OK, so what does “start innovating” mean? To say “I’m going to innovate” is cool, certainly. Saying this to yourself in the mirror each morning is a little weird but will probably have some good effects.. I’m a leadership geek. I’ve studied leadership for a number of years and it is a really fuzzy thing that means a lot of different things to a lot of different people. Innovation is similar to leadership. They both have some similar meaning and they both get a “huh” response when you ask people for a definition. What I’ve found to be helpful is to take this fuzzy concept and break it down into its parts. So for innovation, let’s break it down into some different stages. Many different organizations and individuals define innovation in different ways, have different systems, and have different parts of these systems. In general though, some similarities exist.

So, let’s break it down simply. 1. Identify the opportunity or problem that will lead to the innovation. This requires some hard thinking and some research. What exactly is it that you are trying to innovate? Is this the correct thing that you should be going for? Make sure that the “innovation for what?” question is answered here and gather a fair amount of information. This is your background research stage. 2. Formulate questions. Because you’ve done stage one you should have a much more thoughtful understanding of the situation, problem, or opportunity. Start breaking that problem down into it’s pieces and formulate corresponding questions. So, if the problem is that nobody knows about your organization and thus cannot do business with you, a simple “how can we get more people to know about our organization?” is a question that can be broken down into “who do we want to know”, “what we want them to know,” “how do we communicate this message,” “how can we use the internet to communicate this message,” etc. There are lots of ways you can break down the problem once you’ve gone through that first stage of understanding it and thinking about it. Stage 3 is what I like best, it is the “coming up with a bunch of ideas” stage. You do just that. Take each question, organize them in a way from more general to more specific, and come up with a bunch of ideas for each. Utilize many different ways of coming up with ideas from just writing some down on your own to using a group brainstorm if possible. The goal here is to literally come up with hundreds of ideas. Stage 4 involves making meaning of all those ideas you came up with and analyzing them. Stage 5 involves developing some solid concepts in greater detail. Stage 6 involves testing out those concepts and developing them further based on feedback. Stage 7 is taking action and doing what you had set out to do in the first place. It is executing the marketing plan to increase awareness about your organization if we refer back to the previous example.

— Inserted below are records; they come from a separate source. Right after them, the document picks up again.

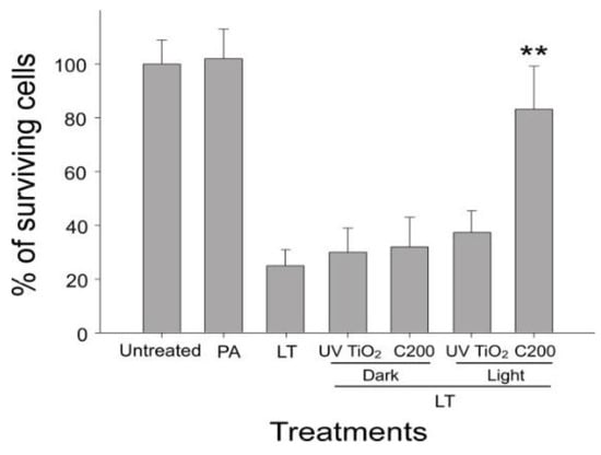 Anthrax lethal toxin (LT), which is composed of two protein components—a protective antigen (PA; cell receptor binding) and a lethal factor (LF; metalloprotease of cellular mitogen-activated protein kinase kinase (MAPKKs, MEKs))—is one of the major virulence factors of B. anthracis []. Anthrax LT can be detected in culture media and spores of B. anthracis. Treatments of LT can lead to the death of macrophage cells in vitro [] and lead to mortality in rodents [,,,,,]. To investigate whether photocatalysis can inactivate the protein components and detoxicate the anthrax toxin, LT was subjected to visible-light-activated photocatalysis on UV100 TiO2 and C200 NPs. As expected, C200 NP-mediated photocatalysis markedly reduced the potency of LT to induce cell death of macrophage J774A.1 cells, when compared with UV100 TiO2 groups (Figure 4). These results suggested that treatment with visible-light-responsive C200-mediated photocatalysis of particular objects not only eliminates the bacteria but also reduces the toxicity of LT.
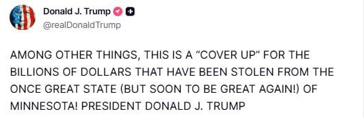 «СРЕДИ ПРОЧЕГО, ЭТО — «ПРИКРЫТИЕ» МИЛЛИАРДОВ ДОЛЛАРОВ, КОТОРЫЕ БЫЛИ УКРАДЕНЫ ИЗ НЕКОГДА ВЕЛИКОГО ШТАТА (НО СКОРО СНОВА СТАНЕТ ВЕЛИКИМ!) МИННЕСОТА!»
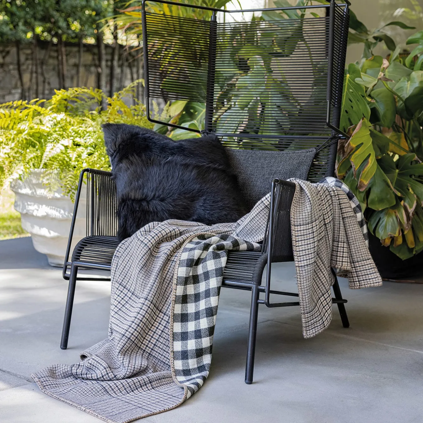 Polychrome cashmere yarns deftly intertwined up to achieve an intriguing jacquard checkered pattern lend this small blanket its fresh allure. The double-sided design and the contrasting blanket stitchings stress the design’s versatility and sartorial quality, making it a must-have for moments spent relaxing by the fireplace or taking a nap.
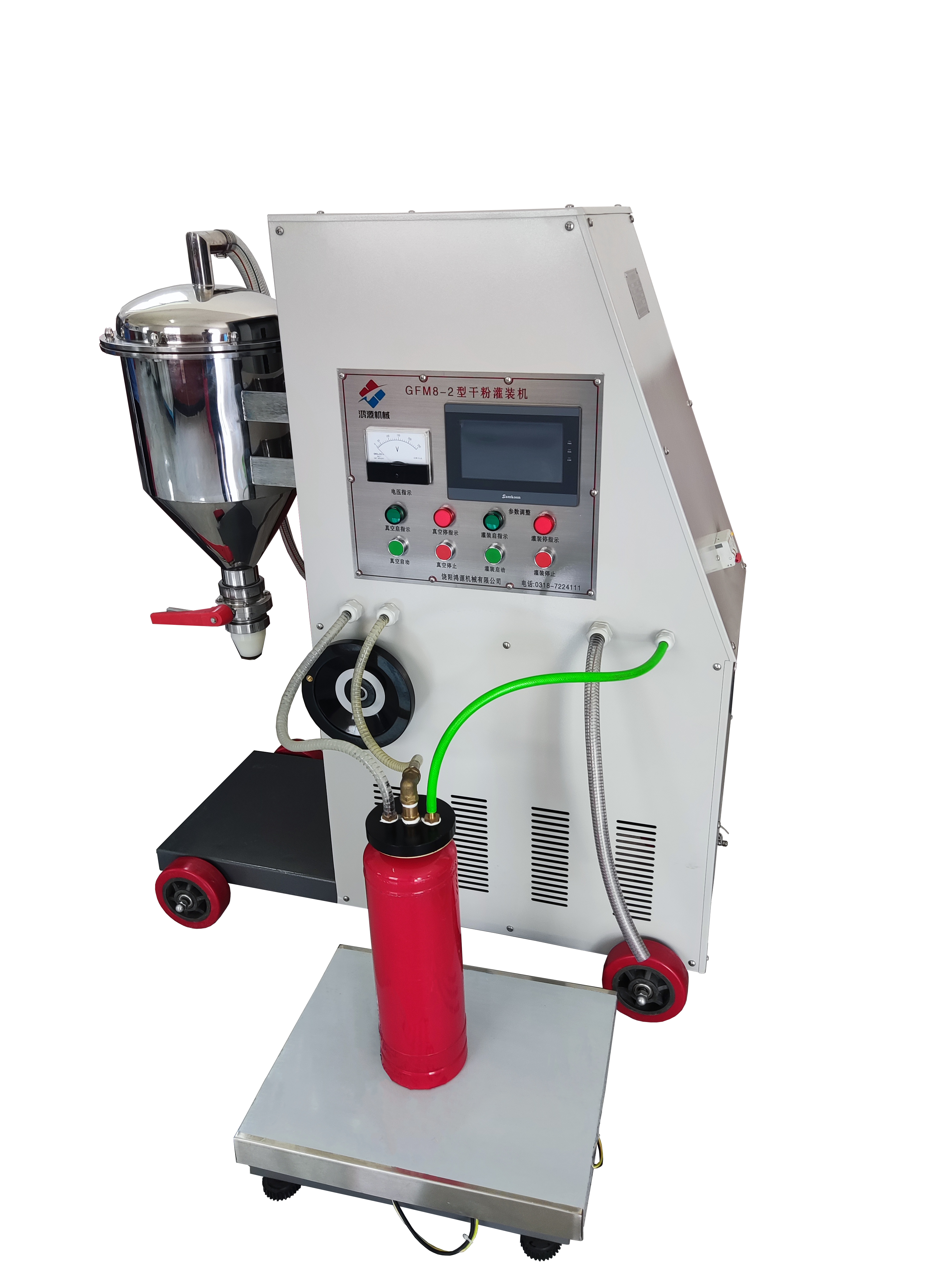 GFM型干粉灌装机是我厂参照国内外粉类灌装机的优点结合实际灌装的特点,开发设计的新产品采用了真空射流技术,将干粉快速吸入被装筒体,配备高精度的T3806型称重显示仪及MP-T型打印机。使其灌装具备了自动化计量化同时利用真空所产生的负压对过滤器上的残余粉尘进行清除。本机集电子电器机械于一体,从而减轻了劳动强度改善了工作环境具有体积小、重量轻、能耗低、移动方便、操作简单、使用寿命长等特点,特别适用于干粉灭火器的粉灌装,也是其它粉类灌装行业的理想设备。

Innovation is fun work and also challenging work. It is much easier to do if you can break it down into the stages and take each stage at a time. Many times organizations start but don’t finish. So do each step at a time and make sure you move up the steps and finish and actually take action! If you go through the stages what you will be taking action on should be pretty good because you studied and clarified the problem, you formed great questions, gathered a number of ideas, made meaning and analyzed the ideas, developed solid concepts, tested those concepts and improved them even more. This leads to a nice innovation! Start innovating!